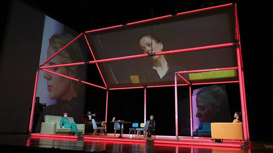 Сценическое пространство огорожено неоновыми трубками, в очертаниях которых угадываются дом и крыша (сценограф Лариса Ломакина). Внутри расставлены диваны и стулья. Перемещений — минимум. Вошел, сел, прочел, встал, ушел. Или переместился на другой диван. Из разнообразящих действие элементов — два оператора, снимающих чтецов крупным планом (изображение проецируется на три экрана — в центре, слева и справа), любовная сцена Маши и Вершинина (Дмитрий Куличков) и музыкальные паузы. Блюз My heart belongs to daddy Коула Портера отмечает границы актов. Шлягер из репертуара Андрея Державина «Давайте выпьем, Наташа, сухого вина» звучит в исполнении Тузенбаха, ради такого случая поменявшего диван на фортепиано.
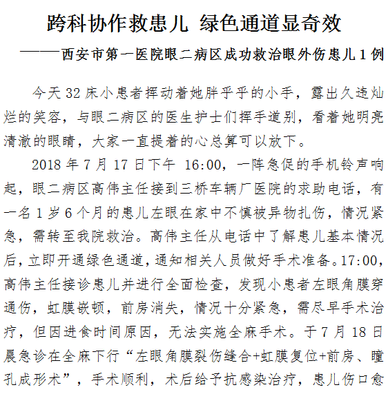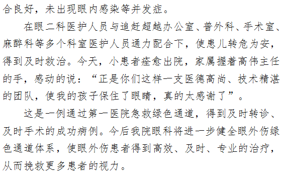 跨科协作救患儿 绿色通道显奇效-----成人导航 眼二病区成功救治眼外伤患儿1例
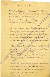 SOUPAULT PhilippePoème autographe « À l’abattoir », publié dans Poèmes retrouvés (1918-1981), Éditions Lachenal et Ritter, 1982.[Daté au dos 1950] ; 1 page in-8°. 4 quintils, avec quelques corrections.Magnifique poème. « Adieu lézards adieu corbeauxBonsoir les hommes et vous les veauxTout est à recommencerQuand vous gueulezComme des damnésJe sais bien que tout s’effondreChaque jour et chaque nuitQue je n’ai plus rien à attendreEt que tout ce qui s’ensuitC’est de savoir que je suis dupeLes soirs tombent comme les annéesJe ne sais même plus les compterCe n’est plus jamais à prendreMais pour toujours tout laisserRien ne peut recommencerAdieu vantard adieu salaudBonsoir crétin et toi le veauC’est moi qui ai commencéQuand je gueulaisComme un damné. »
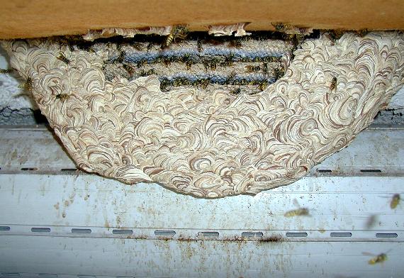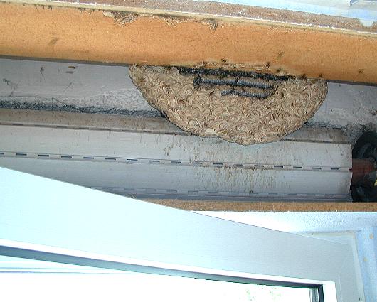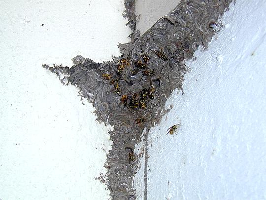 Hornisse" aus dem Einflug und saß auf der Nesthülle.
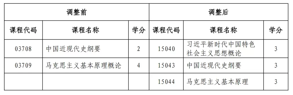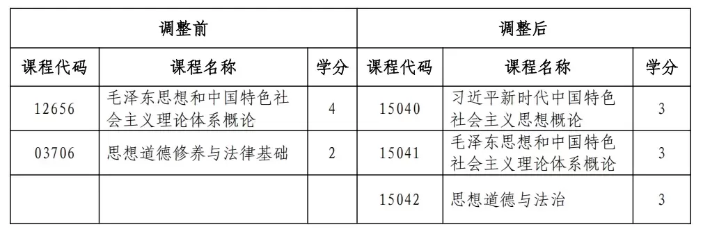 调整后,我省自学考试专科、本科层次各专业思想政治理论课均设置3门课程,共9学分。调整变化如表所示:
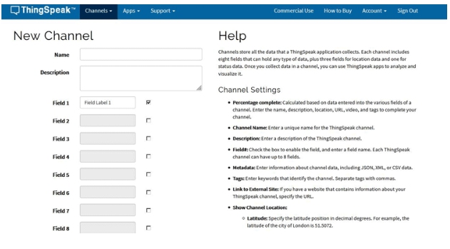 用你的憑證登錄ThingSpeak,然后點(diǎn)擊“新頻道”。現(xiàn)在填寫項(xiàng)目的詳細(xì)信息,如名稱、字段名稱等。這里我們必須創(chuàng)建兩個(gè)字段名,如Latitude和Longitude。然后點(diǎn)擊“保存頻道”。
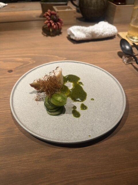 特に印象に残ったのは、雲丹・とうもろこし・そうめんかぼちゃの一品。夏らしさを感じる爽やかな組み合わせで、食感も楽しく、初めての味わいでした。そうめんかぼちゃは個人的に初体験。

┄┄┄┄┄┄┄┄┄┄┄┄┄┄┄┄┄┄┄┄

§ TASK
From the line containing "用你的憑證登錄ThingSp" to the last line of the listing above, transcribe each line exactly, skipping the pictures.

§ SOLUTION FOR THIS PROBLEM
 用你的憑證登錄ThingSpeak,然后點(diǎn)擊“新頻道”。現(xiàn)在填寫項(xiàng)目的詳細(xì)信息,如名稱、字段名稱等。這里我們必須創(chuàng)建兩個(gè)字段名,如Latitude和Longitude。然后點(diǎn)擊“保存頻道”。
 特に印象に残ったのは、雲丹・とうもろこし・そうめんかぼちゃの一品。夏らしさを感じる爽やかな組み合わせで、食感も楽しく、初めての味わいでした。そうめんかぼちゃは個人的に初体験。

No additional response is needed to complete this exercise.